• **Supplied entries**:
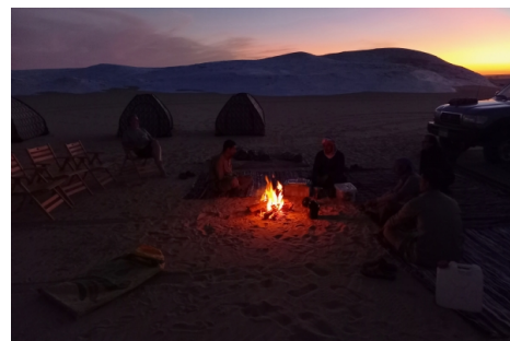
Alrededor del fuego
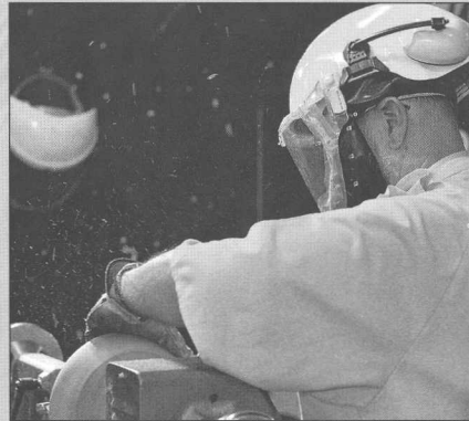
Higiene, Seguridad y Medio Ambiente Página 20
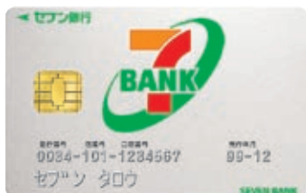
セブン銀行ロゴカード

『森の戦士 ボノロン』がデザインされた社会貢献型キャッシュカード「ボノロンキャッシュカード」(P12参照)を発行。また、10月からは、女性向けデザインの「Girl's Card」を発行。それぞれのカード発行に合わせて、イトーヨーカドーが運営するショッピングセンター「Ario(アリオ)」で記念イベントを行いました。なお、「ボノロンキャッシュカード」「Girl's Card」は、インターネットを用いた口座お申込時に選択することができます。
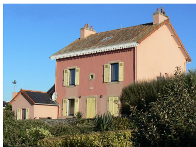
La Maison rose côté mer
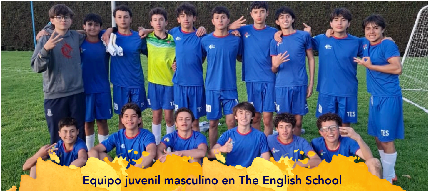
Equipo juvenil masculino en The English School
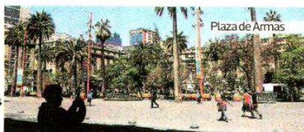
Plaza de Armas

• **Problem**: Without including any pictures, print each record exactly.

• **Answer area**:
Alrededor del fuego
Higiene, Seguridad y Medio Ambiente Página 20
セブン銀行ロゴカード

『森の戦士 ボノロン』がデザインされた社会貢献型キャッシュカード「ボノロンキャッシュカード」(P12参照)を発行。また、10月からは、女性向けデザインの「Girl's Card」を発行。それぞれのカード発行に合わせて、イトーヨーカドーが運営するショッピングセンター「Ario(アリオ)」で記念イベントを行いました。なお、「ボノロンキャッシュカード」「Girl's Card」は、インターネットを用いた口座お申込時に選択することができます。
La Maison rose côté mer
Equipo juvenil masculino en The English School
Plaza de Armas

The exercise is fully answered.